Thanks, as always, for your input here! Sometimes these filings (by Deininger, Silver et al… not GAS!) make me want to go to law school. I appreciate the clarity and context you give to things!
I sort of feel sorry for GAS. The K’s are clearly aware of the public perception of Lauren’s actions, so they’re desperate to keep the jury from hearing any of it. I imagine JK is bullying him relentlessly to make some argument, any argument, make something up if you have to, to keep Lauren’s provocation off the table. I’m inclined to give GAS the benefit of the doubt that he knows there is no valid legal argument to do so. He’s running into a buzzsaw between having a bad client(s), a bad case, and going up against brilliant lawyers.
This is sort of a slippery slope and sort of underlines the fact that people take issue with being held accountable for their actions…but why is it on the landlord to remove you, warn you, or otherwise prevent you from being in danger?
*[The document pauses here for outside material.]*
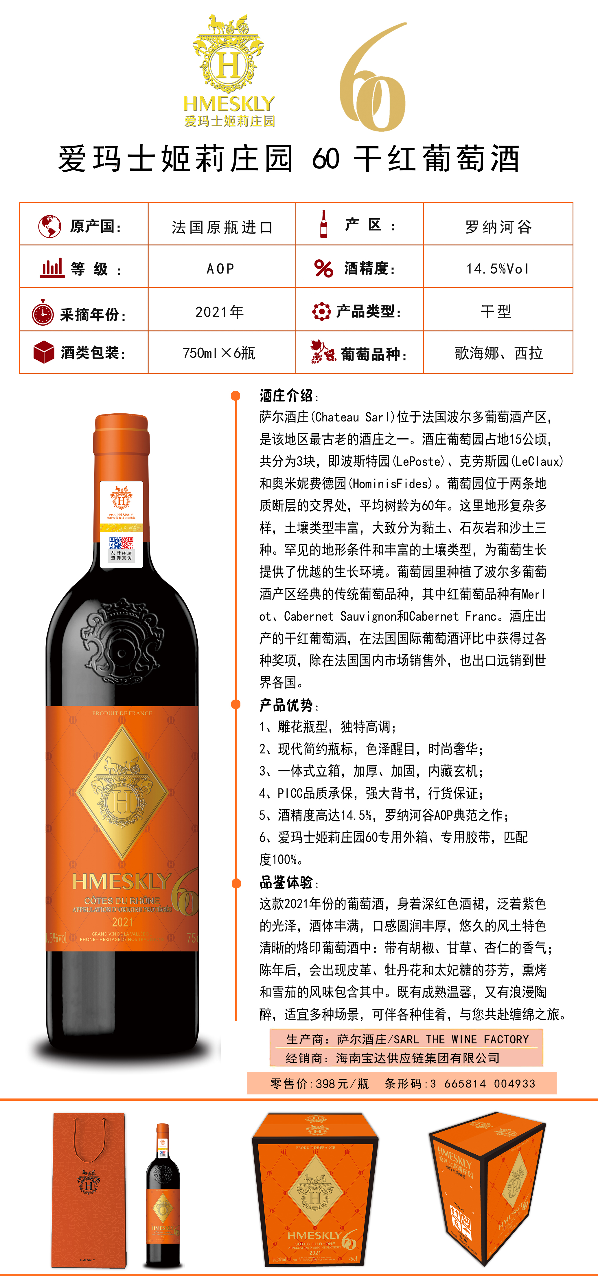法国爱玛士姬莉庄园60干红葡萄酒(一箱6瓶)

I get that they have a duty to (and I don’t know how NJ law reads here) provide safe housing, but to what extent?
I feel as though so many people would be bringing their LL’s to court right and left for every little thing. How deep should a LL/property owner be in your personal life and affairs?
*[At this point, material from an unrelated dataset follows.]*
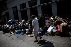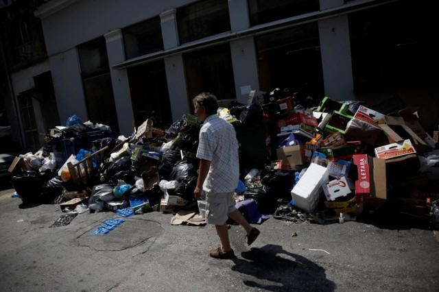 Pensioner Fotini Papadaki held her nose as she added her own small

Now, in this case I think it gets a bit weird because Barisone was a part of the SGF LLC, IIRC, so there is that. However, the question still remains, how much (legally and just has a point of conversation) should be on the other parties? How much is on you to remove yourself from danger? How much is on you to own your life, circumstances, and actions?
Agreed. Clearly they realize at this point that if the extent of her “provocation” is discoverable, it is going to sink the ship. I am not certain, though, that it even has to do much at this point with public perception (read: potential jury member perception) as it does with the fact that there is A CRAP TON they know was excluded from the criminal trial, and they fear that if it’s open season in deposition they won’t have a chance in double hockey sticks of prevailing.
I am sure Deininger, Silver et al have plenty of damning evidence to question her about… and even to present to a jury as is. But certainly if she has to answer to their questions, there is likely much more. Once that door is open, it likely won’t be pretty. What more will come out?? Didn’t one of them allude today to 50 exhibits as yet unexplored through questioning? Imagine what those questions might lead to.
That’s why I think the Hail Marys are being flung and the hive was stirred in recent days.
I’ve only been through discovery once as a low-level employee, and it was stressful. But panic at this early stage by the plaintiff means a whole lot more in my mind than perception. She has a lot to hide.
ETA: I don’t feel sorry for GAS. I am sure he makes a handsome living. The next weeks, months (years?) may not be fun… but I am sure he reaps plenty of rewards for his troubles. [Edit: living, not loving. Thumbs!!! Siri!!!]